Tue Jun 13 03:17:50 UTC 2006

On Monday June 12, wcheng at redhat.com wrote:
> NFS v2/v3 active-active NLM lock failover has been an issue with our
> cluster suite. With current implementation, it (cluster suite) is trying
> to carry the workaround as much as it can with user mode scripts where,
> upon failover, on taken-over server, it:
> 
> 1. Tear down virtual IP.
> 2. Unexport the subject NFS export.
> 3. Signal lockd to drop the locks.
> 4. Un-mount filesystem if needed.
> 
...
>                                                                 we would
> like to be able to selectively drop locks (only) associated with the
> requested exports without disrupting other NFS services. 

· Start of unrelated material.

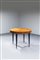 Tavolo con piano in legno bordo grissinato, cassetti a scomparsa, gambe coniche in legno laccato nero.

There seems to be an unstated assumption here that there is one
virtual IP per exported filesystem.  Is that true?

Assuming it is and that I understand properly what you want to do....

I think that maybe the right thing to do is *not* drop the locks on a
particular filesystem, but to drop the locks made to a particular
virtual IP.

Then it would make a lot of sense to have one lockd thread per IP, and
signal the lockd in order to drop the locks.
True: that might be more code.  But if it is the right thing to do,
then it should be done that way.

On the other hand, I can see a value in removing all the locks for a
particular filesytem quite independent of failover requirements.
If I want to force-unmount a filesystem, I need to unexport it, and I
need to kill all the locks.  Currently you can only remove locks from
all filesystems, which might not be ideal.

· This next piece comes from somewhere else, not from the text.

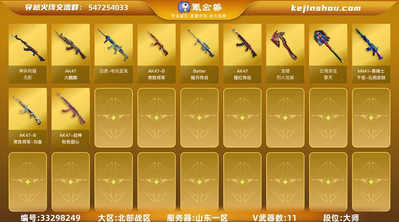山东一区-12V-0王者武器数-0炫金武器数 【热门武器】:白虎-电玩蓝兔 【皮肤】:M4A1-千变-孔明皮肤,战神-粉色甜心皮肤,AK47-B-常胜将军-刘备 【角色】:乔伊教练,修道士,云海玲珑,暗夜-X,电竞少女,芳心审判者,风暴女,虎妞,嘉年华灵狐,兰妹妹,灵狐者-X,麻雀,曼陀罗-X,潘多拉-X,潜龙队-X,青霞仙子,斯沃特-X,兔囡囡,影武者-X,团团 【人偶武器】:火麒麟-灵狐,AWM-灵狐-15周年嘉年华,迷你裂空之翼,夺魂,深渊终结者手雷,迷你超能女侍 【暴走生化】:超级对讲机 【挑战大师】:冰龙粉碎者-白马银枪,激光毁灭者III-白马银枪,激光毁灭者III,神圣爆裂者-末日III 【英雄级武器】:AK47-火麒麟,无影-神兵利器,AK-47-猩红传说*2,AK47-B-常胜将军,白虎-电玩蓝兔,Barrett-暗月传说*2,擎天-云海游龙,龙啸-烈火龙威,手雷-云海游龙,AK47-竞魂无影 【其他武器】:源-黑龙,源·雷神*2,魂·M4A1-雷神-化蛇*2,魂·雷神-神秘按键,魂·雷神-新春神龙*2,魂-雷神-萌杀,魂·雷神-15周年嘉年华,御·雷神-烈虎,源·黑骑士,魂·黑骑士-现代金属*2,魂·黑骑士-幻能朋克,魂·黑骑士-破浪10年,御·黑骑士-冰魄*2,魂-死神-机甲核心,源·天启,源·超新星,源·机械迷城...

I'm not at all keen on the NFSEXP_FOLOCK flag to exp_unexport, as that
is an interface that I would like to discard eventually.  The
preferred mechanism for exporting filesystems is to flush the
appropriate 'cache', and allow it to be repopulated with whatever is
still valid via upcalls to mountd.

So:
 I think if we really want to "remove all NFS locks on a filesystem",
 we could probably tie it into umount - maybe have lockd register some
 callback which gets called just before s_op->umount_begin.

 If we want to remove all locks that arrived on a particular
 interface, then we should arrange to do exactly that.  There are a
 number of different options here. 
  One is the multiple-lockd-threads idea.
  One is to register a callback when an interface is shut down.
  Another (possibly the best) is to arrange a new signal for lockd
  which say "Drop any locks which were sent to IP addresses that are
  no longer valid local addresses".

So those are my thoughts.  Do any of them seem reasonable to you?

NeilBrown